_Exercise_. Below are lines of records; copy exactly those from the one containing "Free People Henley, scoop" through the one containing "2 climate. The", leaving the pictures behind.

_Data shown_.

┏━━

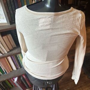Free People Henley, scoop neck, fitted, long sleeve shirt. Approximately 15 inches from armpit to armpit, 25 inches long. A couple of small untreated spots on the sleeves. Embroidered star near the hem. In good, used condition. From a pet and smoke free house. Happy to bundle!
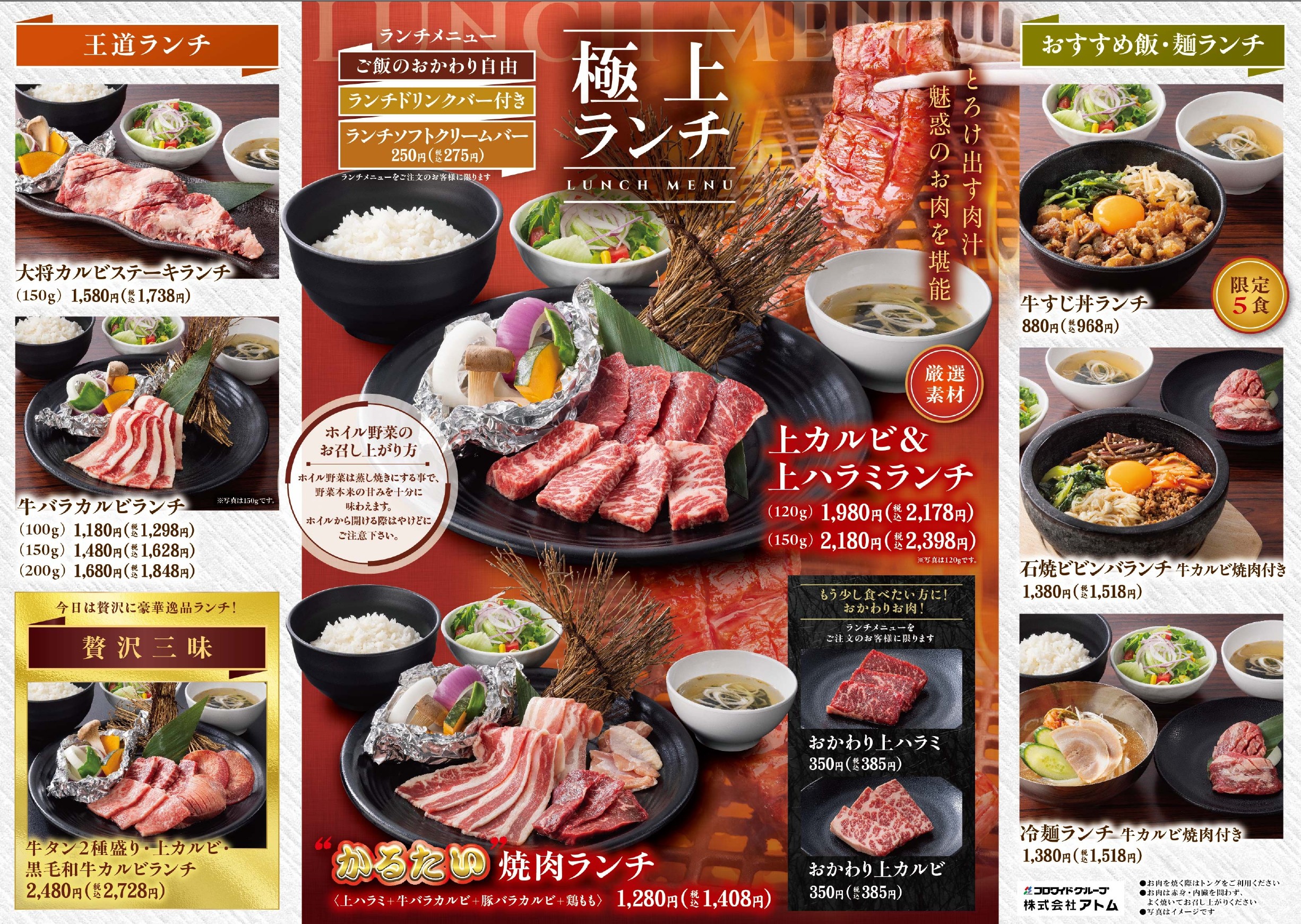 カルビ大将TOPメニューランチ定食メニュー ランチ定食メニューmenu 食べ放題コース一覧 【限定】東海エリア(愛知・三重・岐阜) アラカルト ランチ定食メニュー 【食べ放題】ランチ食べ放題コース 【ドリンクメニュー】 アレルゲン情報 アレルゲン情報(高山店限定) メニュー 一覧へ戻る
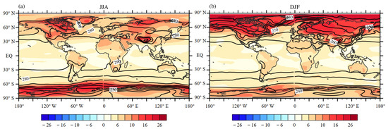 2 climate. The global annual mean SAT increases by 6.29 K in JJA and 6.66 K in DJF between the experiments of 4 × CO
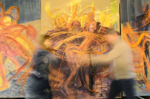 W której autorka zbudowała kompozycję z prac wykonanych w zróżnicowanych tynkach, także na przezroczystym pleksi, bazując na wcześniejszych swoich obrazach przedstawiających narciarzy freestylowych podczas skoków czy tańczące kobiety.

┗━━
┏━━

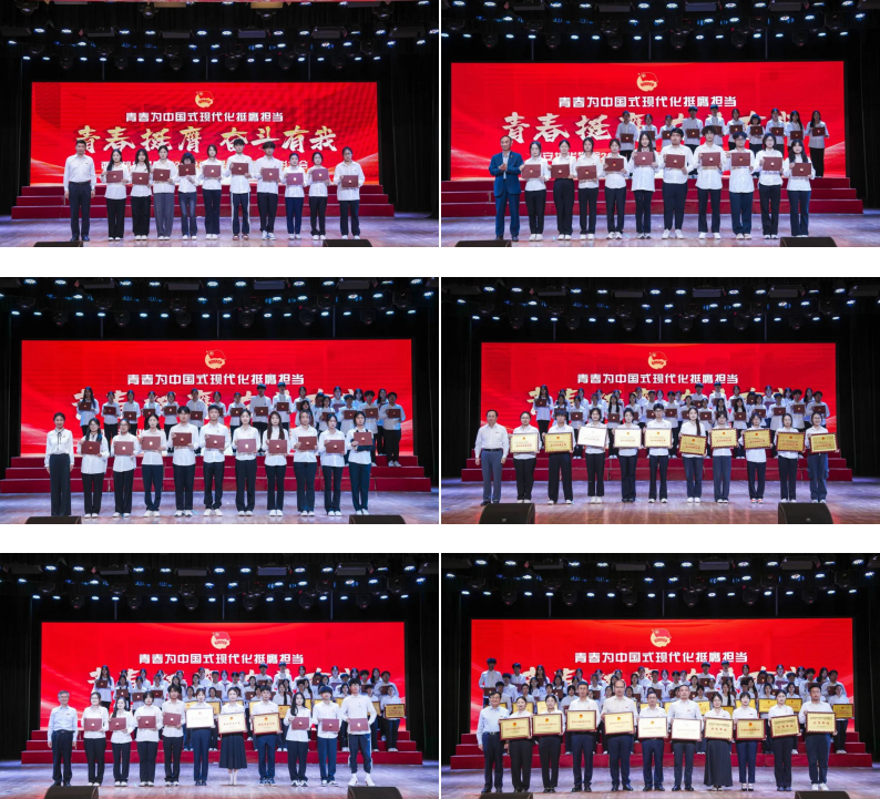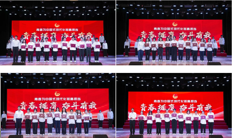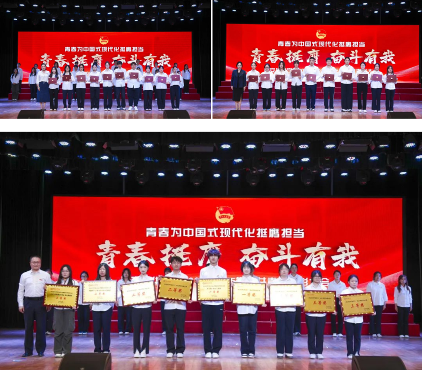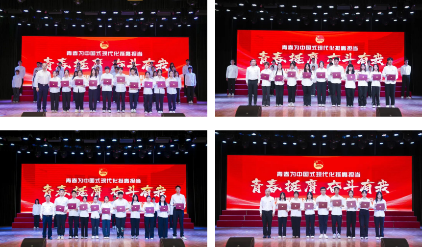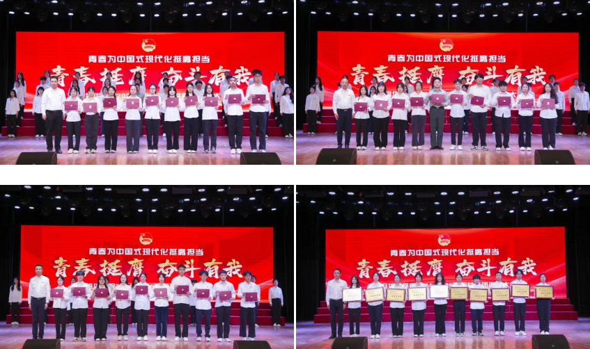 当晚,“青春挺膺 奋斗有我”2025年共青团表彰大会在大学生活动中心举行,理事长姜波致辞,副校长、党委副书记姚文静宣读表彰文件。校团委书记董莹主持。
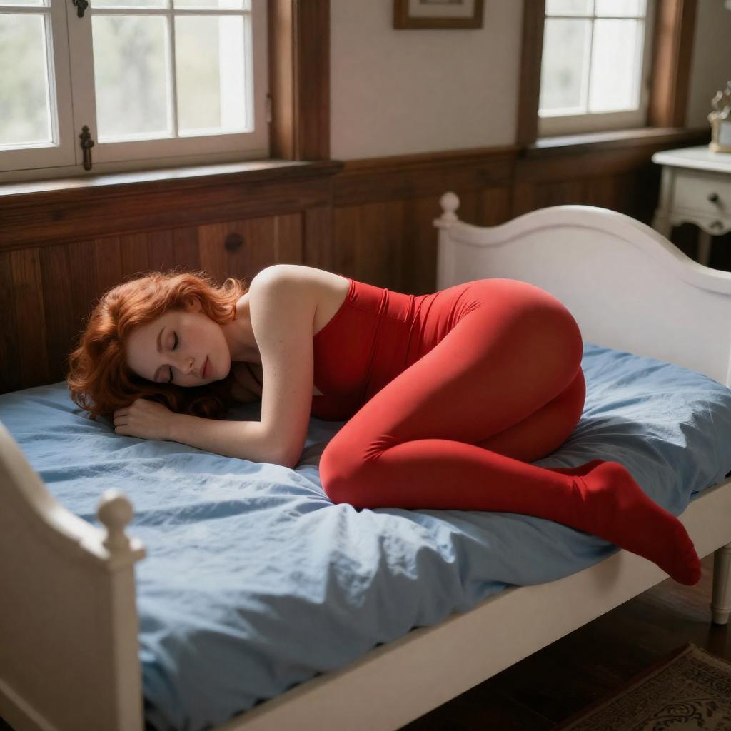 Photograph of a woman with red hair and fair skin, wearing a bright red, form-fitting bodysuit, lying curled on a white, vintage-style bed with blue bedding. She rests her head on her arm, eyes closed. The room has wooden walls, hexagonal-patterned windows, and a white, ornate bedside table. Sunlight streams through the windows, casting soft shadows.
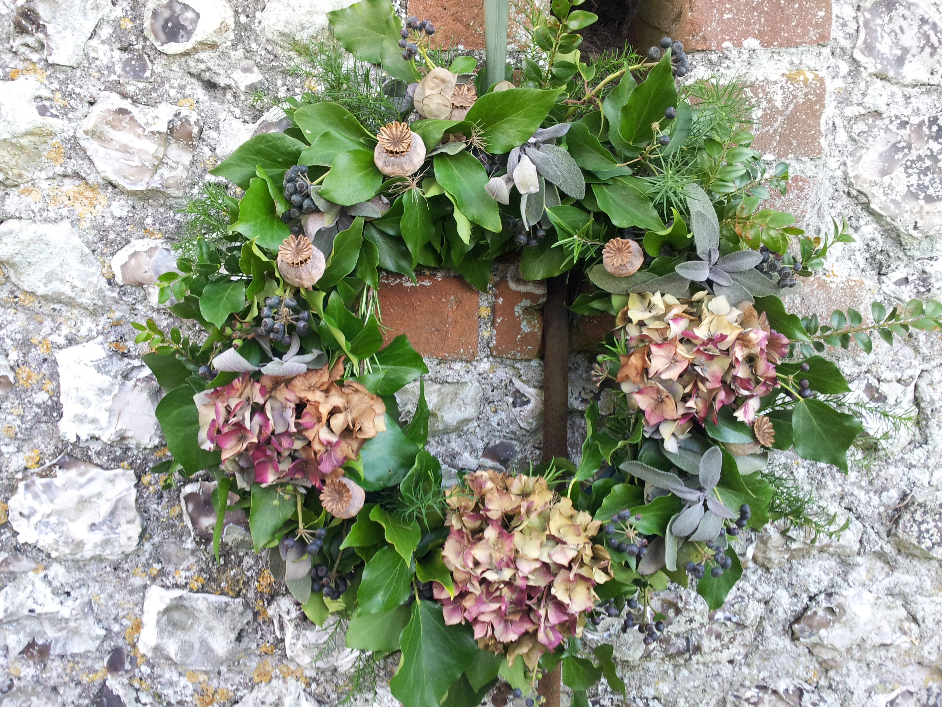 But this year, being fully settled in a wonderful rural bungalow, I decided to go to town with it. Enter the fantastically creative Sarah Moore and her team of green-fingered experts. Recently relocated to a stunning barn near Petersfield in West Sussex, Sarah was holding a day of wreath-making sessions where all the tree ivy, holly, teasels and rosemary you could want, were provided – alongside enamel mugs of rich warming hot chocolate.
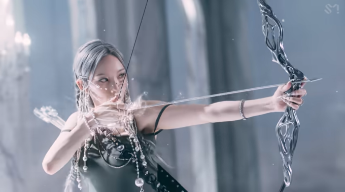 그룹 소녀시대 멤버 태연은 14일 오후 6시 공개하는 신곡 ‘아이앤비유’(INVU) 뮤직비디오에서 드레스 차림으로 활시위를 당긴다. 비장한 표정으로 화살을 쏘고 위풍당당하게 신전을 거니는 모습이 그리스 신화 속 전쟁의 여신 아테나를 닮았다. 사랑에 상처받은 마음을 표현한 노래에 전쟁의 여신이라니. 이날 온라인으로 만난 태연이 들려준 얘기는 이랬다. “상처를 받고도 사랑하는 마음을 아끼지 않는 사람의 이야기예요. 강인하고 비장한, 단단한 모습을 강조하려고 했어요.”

┗━━
┏━━

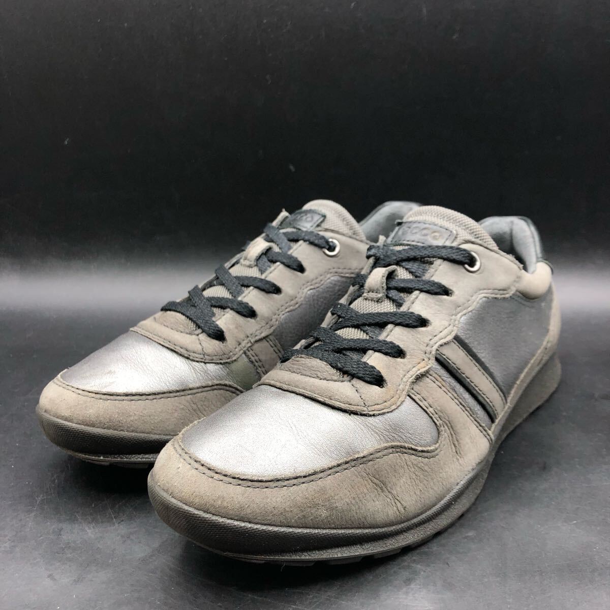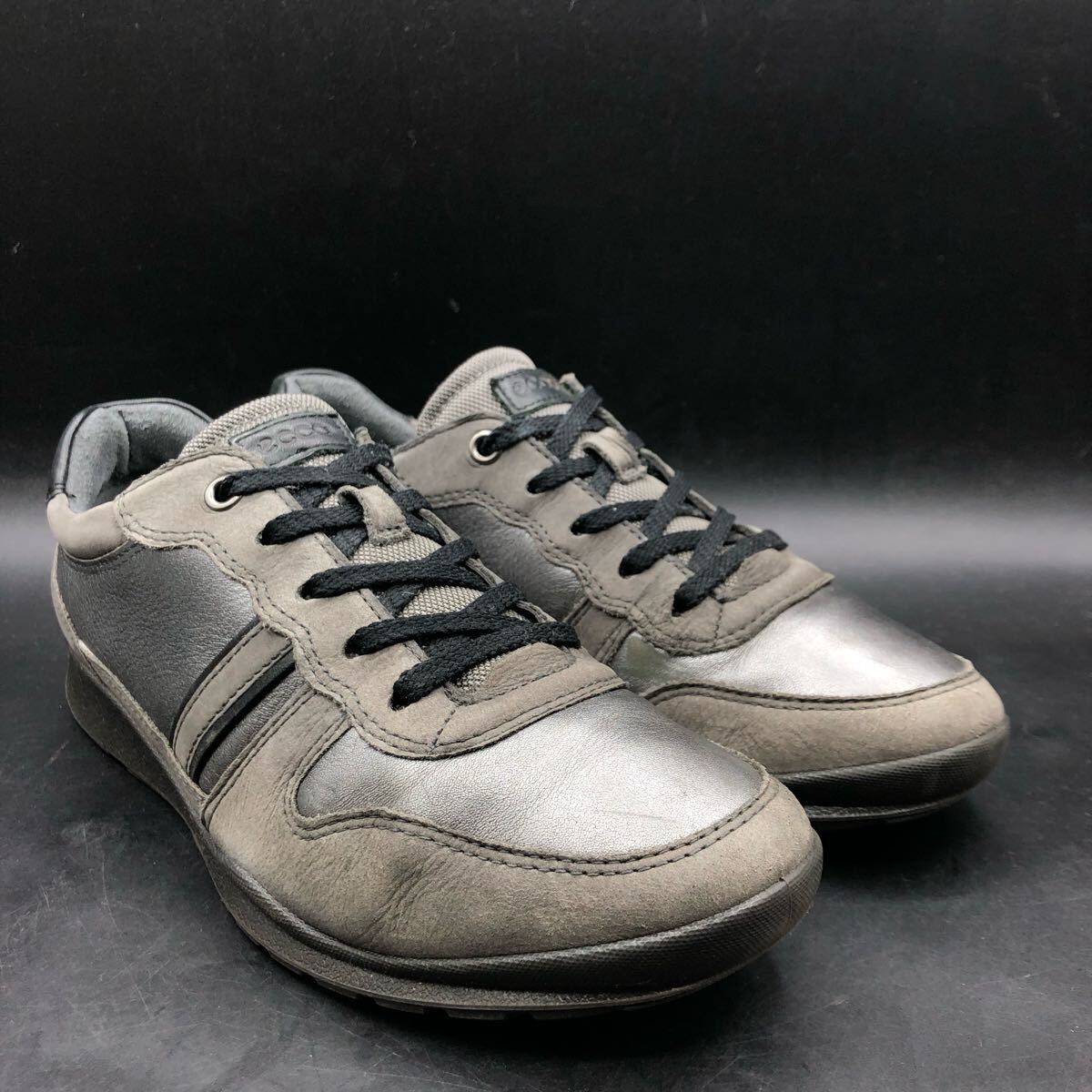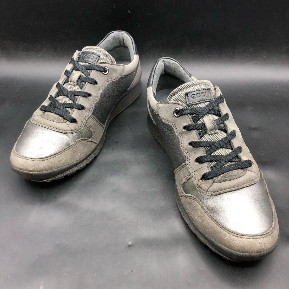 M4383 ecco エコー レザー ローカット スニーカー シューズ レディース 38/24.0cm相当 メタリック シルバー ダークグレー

┗━━

_The answer_.
Free People Henley, scoop neck, fitted, long sleeve shirt. Approximately 15 inches from armpit to armpit, 25 inches long. A couple of small untreated spots on the sleeves. Embroidered star near the hem. In good, used condition. From a pet and smoke free house. Happy to bundle!
 カルビ大将TOPメニューランチ定食メニュー ランチ定食メニューmenu 食べ放題コース一覧 【限定】東海エリア(愛知・三重・岐阜) アラカルト ランチ定食メニュー 【食べ放題】ランチ食べ放題コース 【ドリンクメニュー】 アレルゲン情報 アレルゲン情報(高山店限定) メニュー 一覧へ戻る
 2 climate. The global annual mean SAT increases by 6.29 K in JJA and 6.66 K in DJF between the experiments of 4 × CO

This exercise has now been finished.